At the beginning of back training, the degree of mobility of the different parts of the spine can be determined, as well as the strength of all major muscle groups. A specific program is designed and after a few weeks the changes achieved are evaluated.

Strengthen your back with quiet activities

Pilates

This discipline is based on the strengthening of the body center, made up of abdominal muscles, lumbar muscles and buttocks.

The exercises, performed slowly and with concentration, reach deep muscles, including around the spine. Training improves physical strength, flexibility, balance, and coordination. The posture becomes more upright and elegant.

Pilates exercises can be done with special equipment or on the mat. The level of difficulty increases according to the level of training. If the exercises are done correctly, the benefits can be appreciated relatively quickly.

Yoga

In yoga there are many exercises (asanas) that strengthen the back and abdominal muscles, for both beginners and advanced.

The most famous form of yoga is hatha yoga.

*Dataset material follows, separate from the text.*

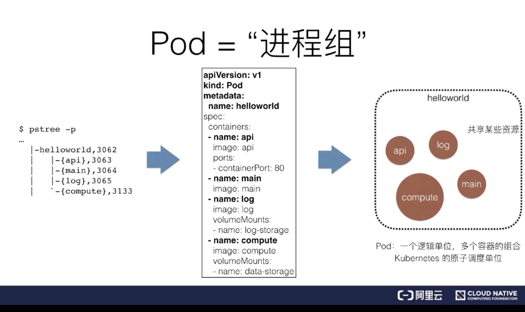 前面提到的,由四个进程共同组成的一个应用 Helloworld,在 Kubernetes 里面,实际上会被定义为一个拥有四个容器的 Pod,这个概念大家一定要非常仔细的理解。

This method considers flexibility, harmony of the body, breathing and nutrition as the basis of physical and mental well-being.

If you suffer from back pain and especially if you have a diagnosed back disorder, such as lordosis, scoliosis or hernias, go to a yoga instructor with knowledge of physical therapy and anatomy to achieve the best results.

Tai Chi

With the help of this traditional Chinese gymnastics, characterized by fluid and slow movements, the entire body is gently toned. Tai Chi strengthens muscles, stamina, and coordination.

It also reduces stress and works body awareness, so that we learn to reduce the effort we make when practicing any movement.

Chi kung

Typical of this method are exercises without moving from the site that are combined with breathing and meditation.

The exercises relieve the spine and the joints. If chi kung is done correctly, one cannot be hurt or overloaded. Therefore, it is suitable for everyone. It is an especially suitable practice to finish any other physical activity.